=== Task objective ===
From the first line to the last, repeat the data exactly and drop the pictures.

Study material: Begin

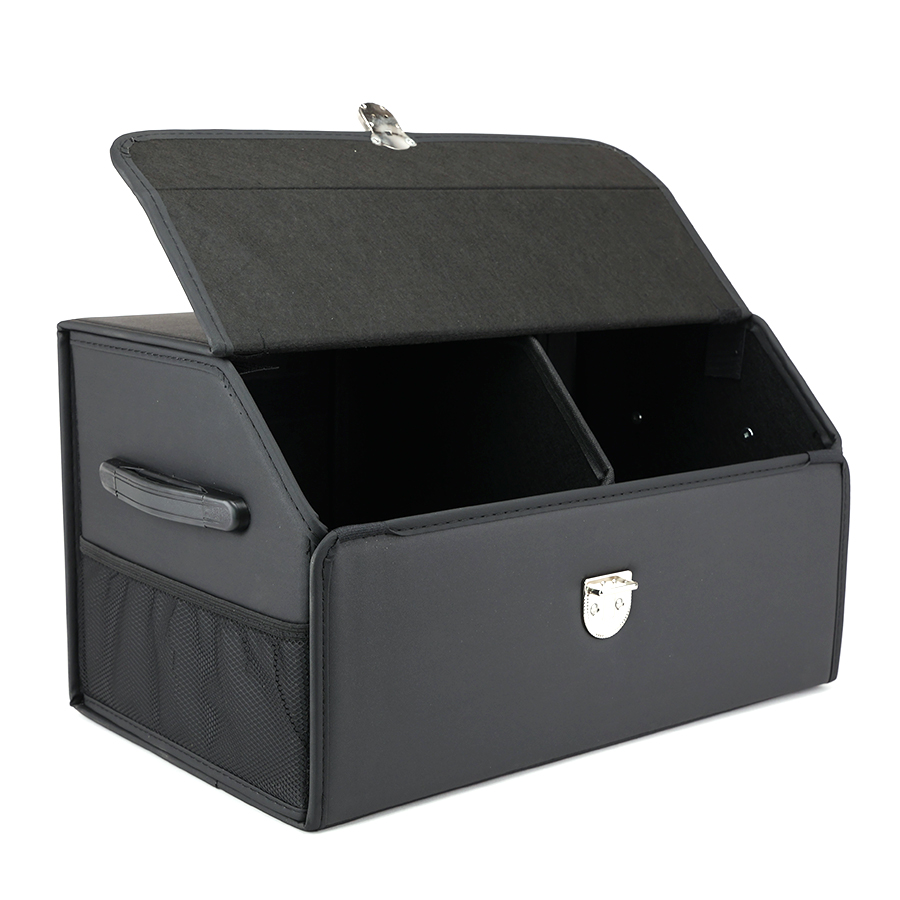 - Thùng Đựng Đồ Đa Năng Cốp Sau Ô Tô Bọc Da Cao Cấp Có Nắp Gấp Gọn Gàng Chứa Được Nhiều Đồ được làm từ chất liệu da PU sang trọng lại dễ dàng lau chùi và vệ sinh.
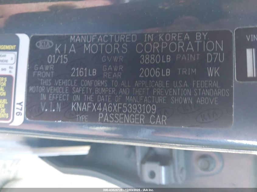 2015 KIA FORTE 2015 року Бензин, 1.8, Передний привод, vin - KNAFX4A6XF5393109 из США
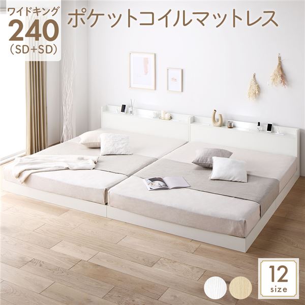 ベッド 低床 連結 ロータイプ すのこ 木製 LED照明付き 宮付き 棚付き コンセント付き シンプル モダン ホワイト ワイドキング240(SD+SD) ポケットコイルマットレス付き
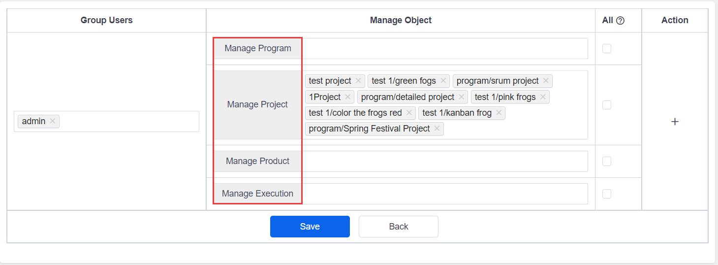 - The privilege settings of different programs, products, and executions are added to Group Project Administrator.
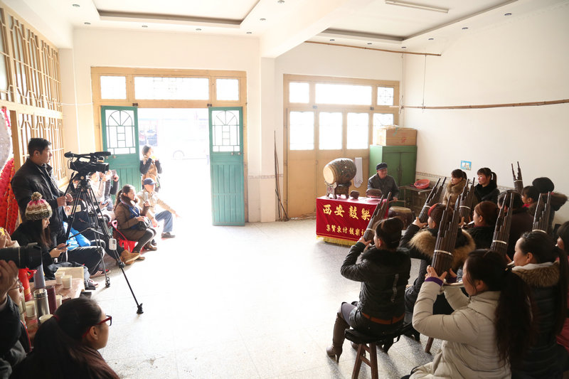 2015年12月18日,副院长韩兰魁带领作曲系、民乐系、民研中心教师以及部分在校研究生,前往周至县南集贤东、西村鼓乐社实地考察西安鼓乐。
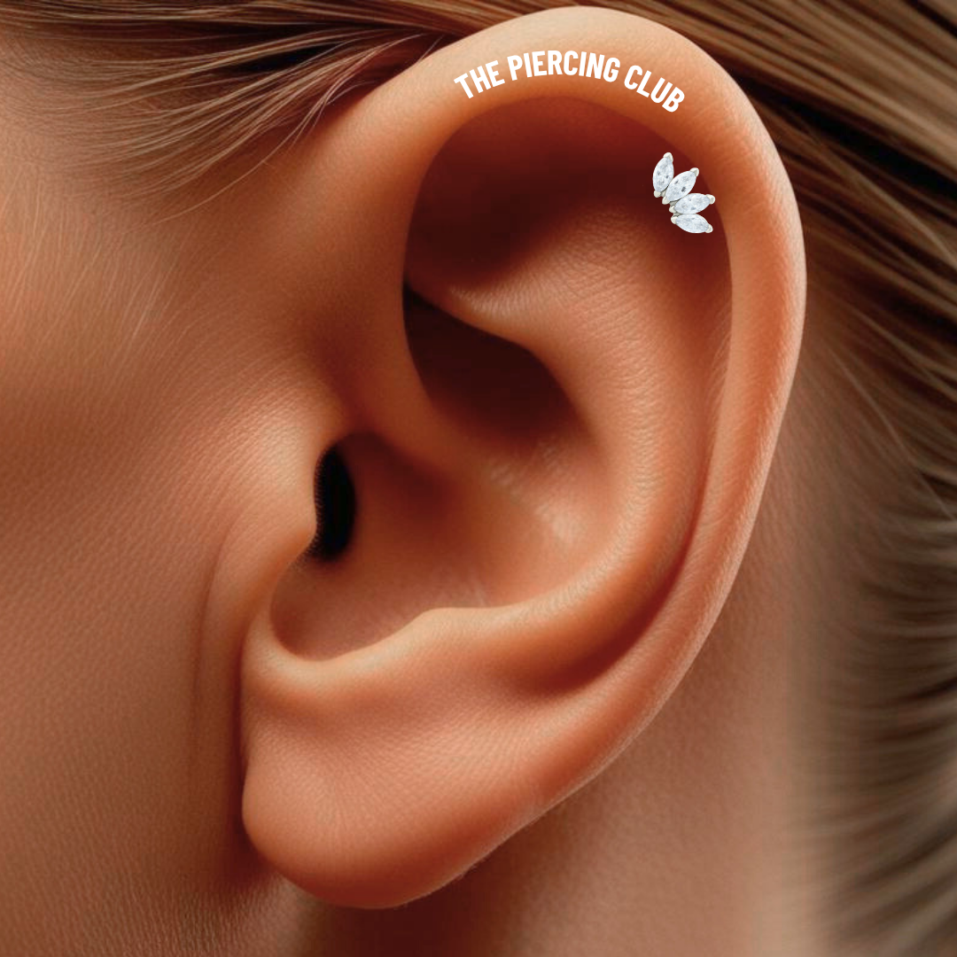 Joya marquise x4 cristal blanco deluxe / Helix piercing, titanio grado implante
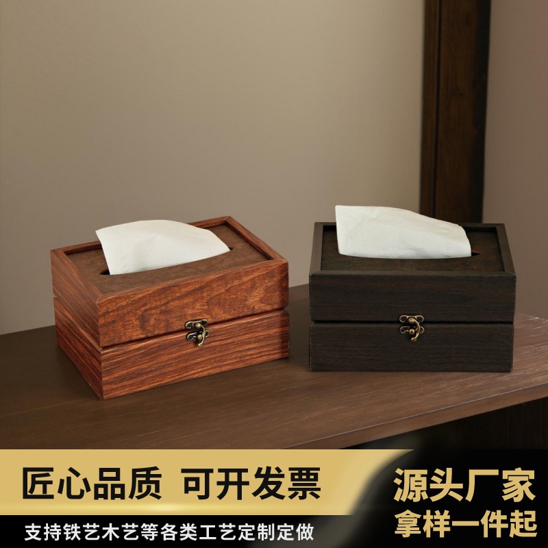 2025新款抽纸盒餐桌复古纸巾盒复古风家用实木木质客厅桌面高颜值
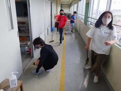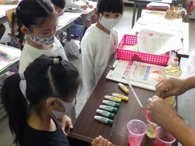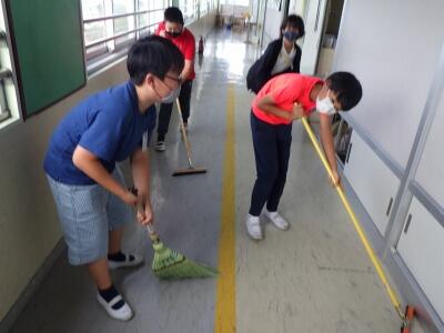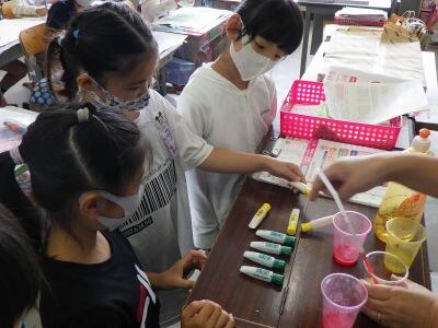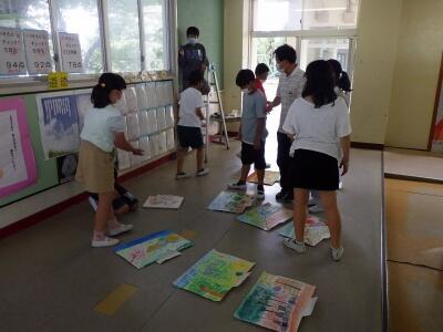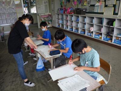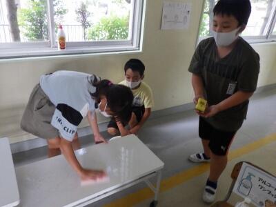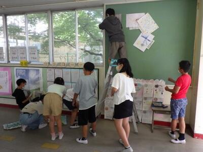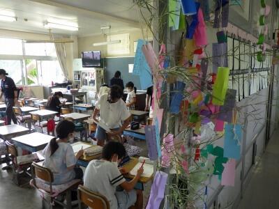 七夕飾りのある教室の中では、保健委員の児童が活動しています。
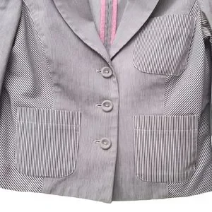 DIANE VON FURSTENBERG DVF Pinstriped Peplum Blazer 6 M Crop Jacket Seersucker
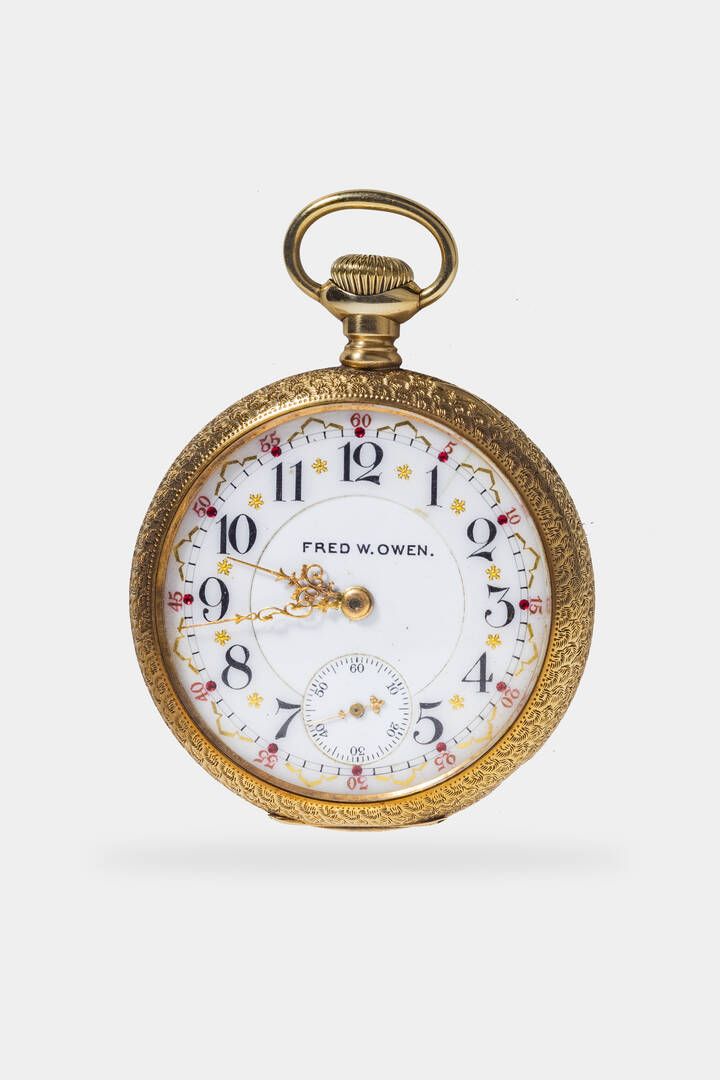 Diam. 51 mm Cassa in oro con fondello a scatto decorato. Quadrante porcellana con numeri arabi serigrafati. Movimento a carica manuale da revisionare.
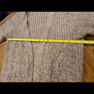 tan open front cardigan with pockets. This is a long cardigan with slits in the side. One spot on the shoulder has loose threads as shown above. measurements are sleeve length 24 inches, length 38 in, arm pit to arm pit 18 in.

Study material: End

=== Answer box ===
 - Thùng Đựng Đồ Đa Năng Cốp Sau Ô Tô Bọc Da Cao Cấp Có Nắp Gấp Gọn Gàng Chứa Được Nhiều Đồ được làm từ chất liệu da PU sang trọng lại dễ dàng lau chùi và vệ sinh.
 2015 KIA FORTE 2015 року Бензин, 1.8, Передний привод, vin - KNAFX4A6XF5393109 из США
 ベッド 低床 連結 ロータイプ すのこ 木製 LED照明付き 宮付き 棚付き コンセント付き シンプル モダン ホワイト ワイドキング240(SD+SD) ポケットコイルマットレス付き
 - The privilege settings of different programs, products, and executions are added to Group Project Administrator.
 2015年12月18日,副院长韩兰魁带领作曲系、民乐系、民研中心教师以及部分在校研究生,前往周至县南集贤东、西村鼓乐社实地考察西安鼓乐。
 Joya marquise x4 cristal blanco deluxe / Helix piercing, titanio grado implante
 2025新款抽纸盒餐桌复古纸巾盒复古风家用实木木质客厅桌面高颜值
 七夕飾りのある教室の中では、保健委員の児童が活動しています。
 DIANE VON FURSTENBERG DVF Pinstriped Peplum Blazer 6 M Crop Jacket Seersucker
 Diam. 51 mm Cassa in oro con fondello a scatto decorato. Quadrante porcellana con numeri arabi serigrafati. Movimento a carica manuale da revisionare.
 tan open front cardigan with pockets. This is a long cardigan with slits in the side. One spot on the shoulder has loose threads as shown above. measurements are sleeve length 24 inches, length 38 in, arm pit to arm pit 18 in.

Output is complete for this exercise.